## WHAT THE EXERCISE ASKS
Starting at the first line of the material below, retype each line exactly until you reach the line with "Se Deus te colocou", which is also included; pictures stay out.

## SOURCE DATA
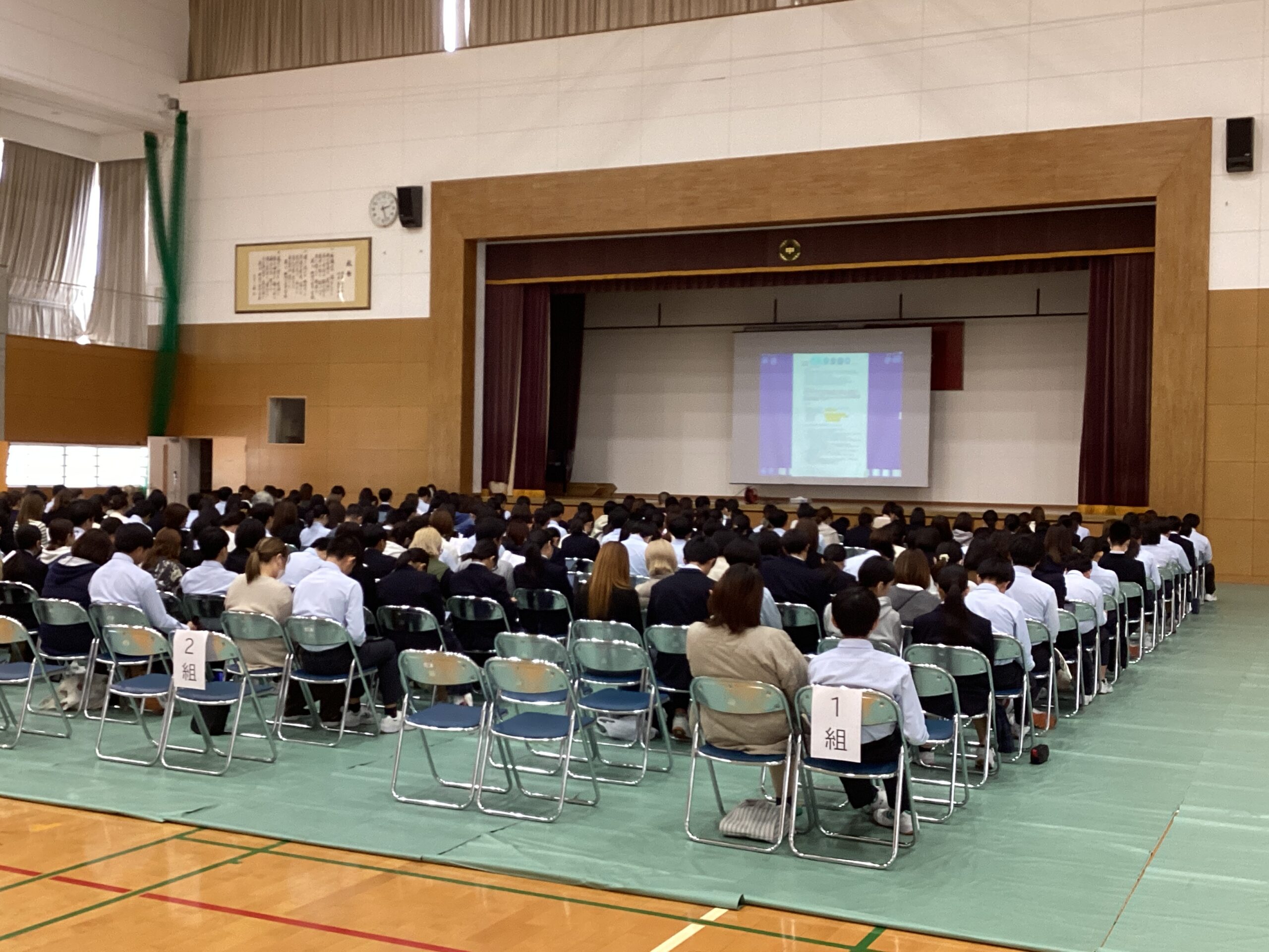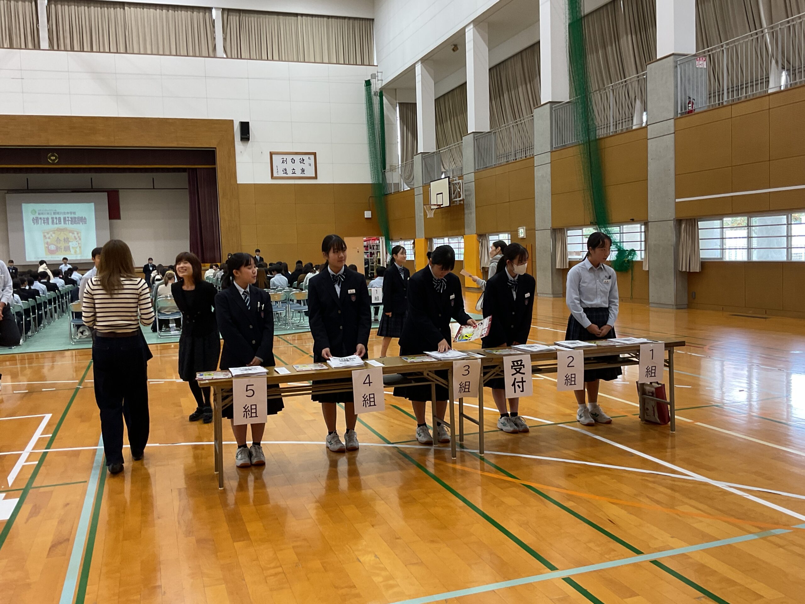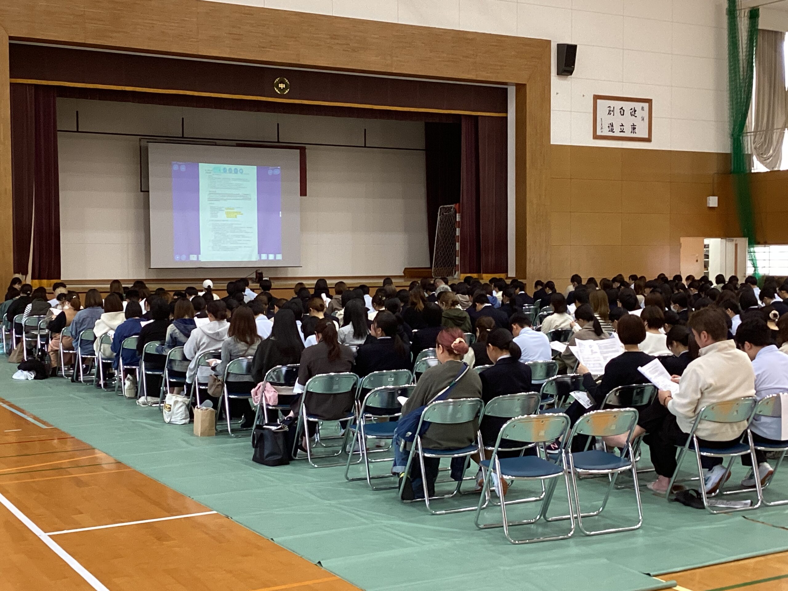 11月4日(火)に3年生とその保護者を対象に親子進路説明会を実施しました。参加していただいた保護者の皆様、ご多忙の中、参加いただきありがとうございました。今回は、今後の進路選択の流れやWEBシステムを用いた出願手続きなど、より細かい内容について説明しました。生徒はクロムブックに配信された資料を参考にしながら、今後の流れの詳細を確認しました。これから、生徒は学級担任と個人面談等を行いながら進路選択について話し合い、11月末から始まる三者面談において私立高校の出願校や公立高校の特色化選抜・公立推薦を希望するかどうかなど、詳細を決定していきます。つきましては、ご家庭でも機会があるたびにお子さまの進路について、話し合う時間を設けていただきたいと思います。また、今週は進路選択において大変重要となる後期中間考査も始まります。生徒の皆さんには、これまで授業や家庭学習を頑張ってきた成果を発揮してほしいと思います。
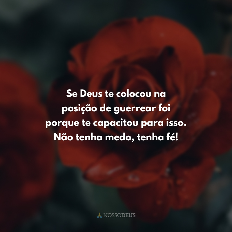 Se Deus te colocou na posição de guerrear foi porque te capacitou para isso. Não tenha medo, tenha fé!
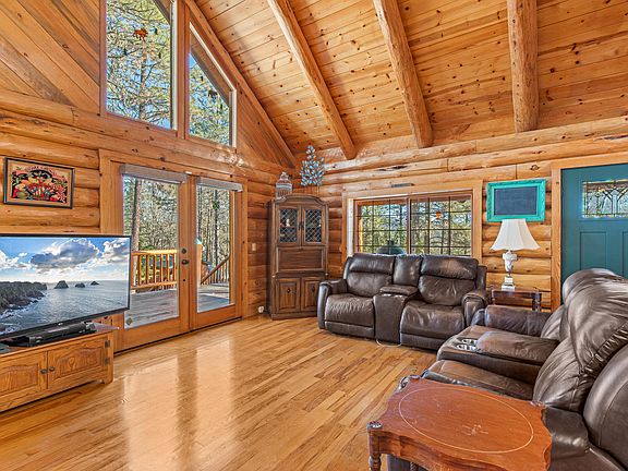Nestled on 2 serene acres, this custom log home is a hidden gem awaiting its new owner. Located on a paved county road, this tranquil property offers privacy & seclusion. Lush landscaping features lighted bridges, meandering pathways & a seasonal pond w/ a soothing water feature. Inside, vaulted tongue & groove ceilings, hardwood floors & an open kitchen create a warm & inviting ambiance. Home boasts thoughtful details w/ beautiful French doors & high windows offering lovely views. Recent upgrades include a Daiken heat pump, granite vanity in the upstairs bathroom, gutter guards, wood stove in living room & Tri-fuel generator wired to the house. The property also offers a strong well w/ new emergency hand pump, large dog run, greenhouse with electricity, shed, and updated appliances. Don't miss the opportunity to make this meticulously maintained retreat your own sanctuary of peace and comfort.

## ANSWER BOX
 11月4日(火)に3年生とその保護者を対象に親子進路説明会を実施しました。参加していただいた保護者の皆様、ご多忙の中、参加いただきありがとうございました。今回は、今後の進路選択の流れやWEBシステムを用いた出願手続きなど、より細かい内容について説明しました。生徒はクロムブックに配信された資料を参考にしながら、今後の流れの詳細を確認しました。これから、生徒は学級担任と個人面談等を行いながら進路選択について話し合い、11月末から始まる三者面談において私立高校の出願校や公立高校の特色化選抜・公立推薦を希望するかどうかなど、詳細を決定していきます。つきましては、ご家庭でも機会があるたびにお子さまの進路について、話し合う時間を設けていただきたいと思います。また、今週は進路選択において大変重要となる後期中間考査も始まります。生徒の皆さんには、これまで授業や家庭学習を頑張ってきた成果を発揮してほしいと思います。
 Se Deus te colocou na posição de guerrear foi porque te capacitou para isso. Não tenha medo, tenha fé!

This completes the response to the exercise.